Opinion
No. 33466.
January 26, 1956.
APPEAL AND ERROR — BRIEFS — REFERENCES TO RECORD — POINTS AND ARGUMENTS. Under Rule on Appeal 42(1) (f), a contention in a brief will be disregarded, where it is not supported by references to the record or by argument.
SAME — BRIEFS — SETTING OUT FINDINGS. Under Rules on Appeal 42 (1) (f) and 43, an assignment of error directed to a finding of fact will not be considered, where the finding was not set out in the brief.
See 3 Am. Jur. § 768.
Appeal from a judgment of the superior court for King county, No. 464412, Meakim, J., entered April 1, 1955, upon findings in favor of the plaintiff, in an action for divorce, tried to the court. Affirmed.
Seijas Carras, for appellant.
Raymond A. Reiser, for respondent.
The parties were married in Spokane in 1941. They had four children. The court granted a divorce to plaintiff, at which time the children were about two, four, nine, and twelve years of age. The court awarded their custody to the plaintiff father and granted visitation privileges to the defendant mother every Wednesday evening, custody every other week end, and during the summer from June 15th to August 14th.
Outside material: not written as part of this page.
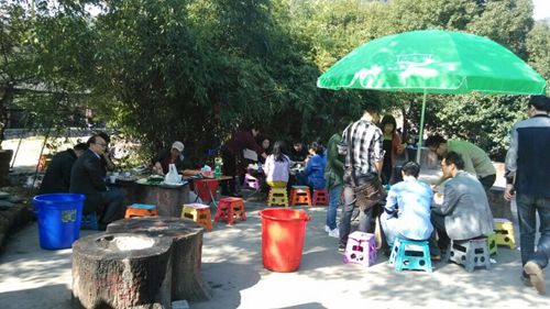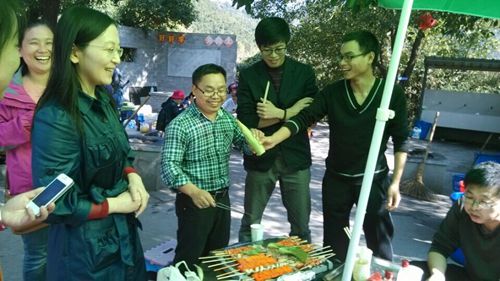 周六上午,在培训课结束后,公司组织全体员工赴九龙湖闻溪阁烧烤。

The defendant appeals from that part of the decree concerning the custody of the children. She makes two assignments of error. In the first, she contends the trial court erred in finding that she is not a fit and proper person to have custody of the children. The facts upon which the trial court predicated its finding were:
"That subsequent to Jan. 1, 1954, at at [sic] intervals since that time, the defendant Alice B. Bruce has associated with one Paul M. Ferrill, a married man, and they have engaged in a clandestine love affair which has resulted in the ultimate alienation of the defendant's affection for the plaintiff." (Italics ours.)
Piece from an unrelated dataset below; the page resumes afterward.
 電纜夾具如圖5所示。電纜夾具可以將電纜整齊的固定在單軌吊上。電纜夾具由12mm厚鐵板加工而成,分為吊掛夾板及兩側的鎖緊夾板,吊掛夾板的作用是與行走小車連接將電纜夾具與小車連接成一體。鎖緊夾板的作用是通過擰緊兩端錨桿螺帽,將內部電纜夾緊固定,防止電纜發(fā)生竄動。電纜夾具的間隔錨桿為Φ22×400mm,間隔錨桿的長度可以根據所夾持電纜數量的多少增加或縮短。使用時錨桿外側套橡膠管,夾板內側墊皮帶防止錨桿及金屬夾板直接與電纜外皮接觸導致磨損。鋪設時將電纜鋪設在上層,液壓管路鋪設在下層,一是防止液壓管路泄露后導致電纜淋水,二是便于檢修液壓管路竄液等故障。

The appellant does not contend that the record does not support this finding of fact, but only that its language is too indefinite to sustain a conclusion of moral unfitness. We quote appellant's argument.
"As can be obviously readily seen there has been no definite findings by the court indicating or showing that the appellant herein, the natural mother of the children, is morally unfit or physically incapable of caring for the children. There is no findings by the court that there were sexual intimacies, adultery or any contact which would grant the court the right to deny the natural mother the custody of her children."
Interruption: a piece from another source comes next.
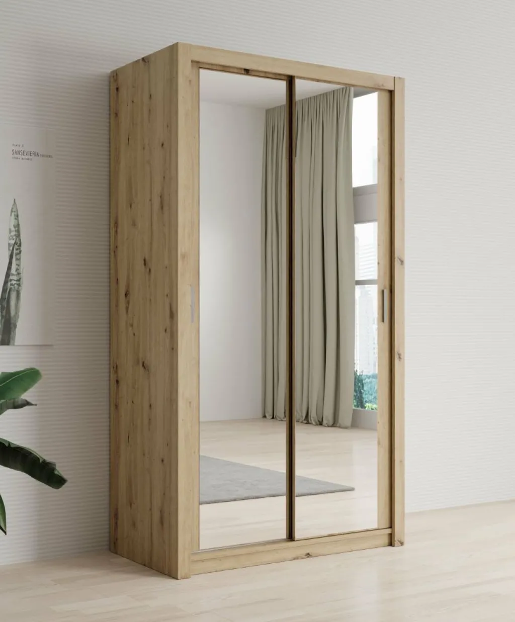 Kledingkast Blake is een moderne garderobekast uitgevoerd in eiken kleur. De kledingkast heeft twee schuifdeuren met daarachter veel opbergruimte. In de binnenkant van de kast vind je 6 opbergvakken. Daarnaast beschikt de kast over twee stangen om kleding op te hangen.

Appellant's contention is a mere quibble over the sufficiency of the language used by the trial court to support its finding of unfitness, and does not raise a question as to the facts or their sufficiency to support the judgment.
[1] Appellant also contends, in her first assignment of error, that the trial court erred in finding that respondent is a fit and proper person to have custody of the children. She does not support this contention by references to the record or by argument. We, therefore, must disregard it. Deer Park Pine Industry v. Stevens County, 46 Wn.2d 852, 286 P.2d 98; Rule on Appeal 42 (1) (f), 34A Wn.2d 44, as amended, effective January 2, 1953.
[2] In appellant's second assignment of error, she attempts to assign error to one of the trial court's findings. However, she does not set out this finding in her brief as required by Rules on Appeal 42 (1) (f) and 43, 34A Wn.2d 44, 47, as amended, effective January 2, 1953.
We, therefore, do not consider it.
The judgment is affirmed.
HAMLEY, C.J., SCHWELLENBACH, FINLEY, and OTT, JJ., concur.